**RECORDED DATA:**
____________________
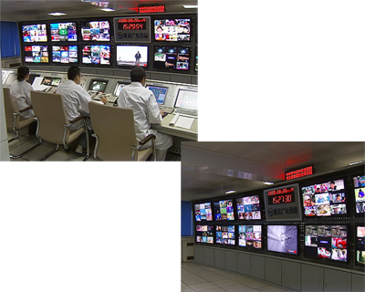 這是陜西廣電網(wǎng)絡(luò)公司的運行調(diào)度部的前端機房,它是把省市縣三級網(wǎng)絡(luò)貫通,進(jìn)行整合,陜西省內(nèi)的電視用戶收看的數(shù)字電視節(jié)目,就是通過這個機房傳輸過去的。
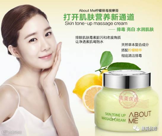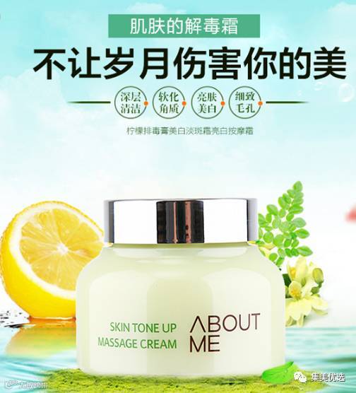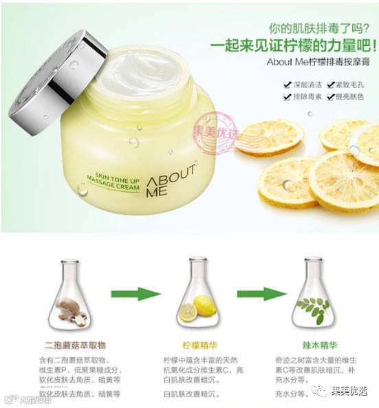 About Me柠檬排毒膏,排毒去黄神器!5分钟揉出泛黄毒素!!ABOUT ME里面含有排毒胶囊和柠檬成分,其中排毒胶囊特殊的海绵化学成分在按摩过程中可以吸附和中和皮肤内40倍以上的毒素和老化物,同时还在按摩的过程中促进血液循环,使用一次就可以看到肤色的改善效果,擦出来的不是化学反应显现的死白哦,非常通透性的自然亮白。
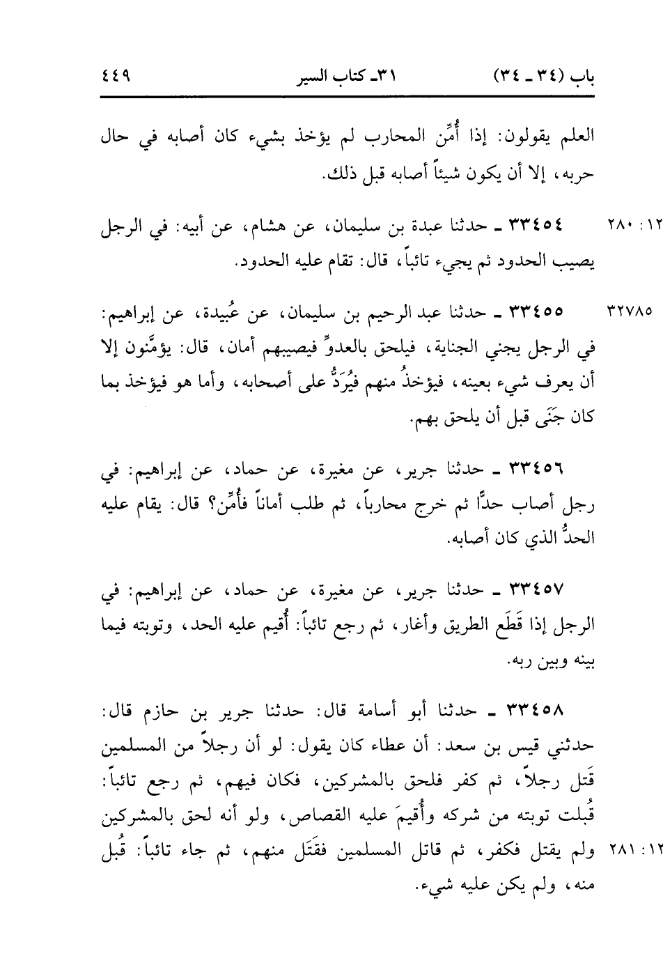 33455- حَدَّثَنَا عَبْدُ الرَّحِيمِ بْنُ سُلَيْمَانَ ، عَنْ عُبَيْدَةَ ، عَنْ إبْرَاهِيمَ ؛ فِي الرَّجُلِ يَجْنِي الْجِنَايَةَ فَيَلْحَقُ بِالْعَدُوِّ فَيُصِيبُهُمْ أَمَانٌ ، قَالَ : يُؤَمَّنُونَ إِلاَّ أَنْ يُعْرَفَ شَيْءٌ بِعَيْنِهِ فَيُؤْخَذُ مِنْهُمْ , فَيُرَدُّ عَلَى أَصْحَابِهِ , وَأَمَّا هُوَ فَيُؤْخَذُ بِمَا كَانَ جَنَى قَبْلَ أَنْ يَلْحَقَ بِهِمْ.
____________________
**EXERCISE GOAL:** Transcribe the listing above in full. Pictures are not part of the copy.

**EXERCISE RESULT:**
 這是陜西廣電網(wǎng)絡(luò)公司的運行調(diào)度部的前端機房,它是把省市縣三級網(wǎng)絡(luò)貫通,進(jìn)行整合,陜西省內(nèi)的電視用戶收看的數(shù)字電視節(jié)目,就是通過這個機房傳輸過去的。
 About Me柠檬排毒膏,排毒去黄神器!5分钟揉出泛黄毒素!!ABOUT ME里面含有排毒胶囊和柠檬成分,其中排毒胶囊特殊的海绵化学成分在按摩过程中可以吸附和中和皮肤内40倍以上的毒素和老化物,同时还在按摩的过程中促进血液循环,使用一次就可以看到肤色的改善效果,擦出来的不是化学反应显现的死白哦,非常通透性的自然亮白。
 33455- حَدَّثَنَا عَبْدُ الرَّحِيمِ بْنُ سُلَيْمَانَ ، عَنْ عُبَيْدَةَ ، عَنْ إبْرَاهِيمَ ؛ فِي الرَّجُلِ يَجْنِي الْجِنَايَةَ فَيَلْحَقُ بِالْعَدُوِّ فَيُصِيبُهُمْ أَمَانٌ ، قَالَ : يُؤَمَّنُونَ إِلاَّ أَنْ يُعْرَفَ شَيْءٌ بِعَيْنِهِ فَيُؤْخَذُ مِنْهُمْ , فَيُرَدُّ عَلَى أَصْحَابِهِ , وَأَمَّا هُوَ فَيُؤْخَذُ بِمَا كَانَ جَنَى قَبْلَ أَنْ يَلْحَقَ بِهِمْ.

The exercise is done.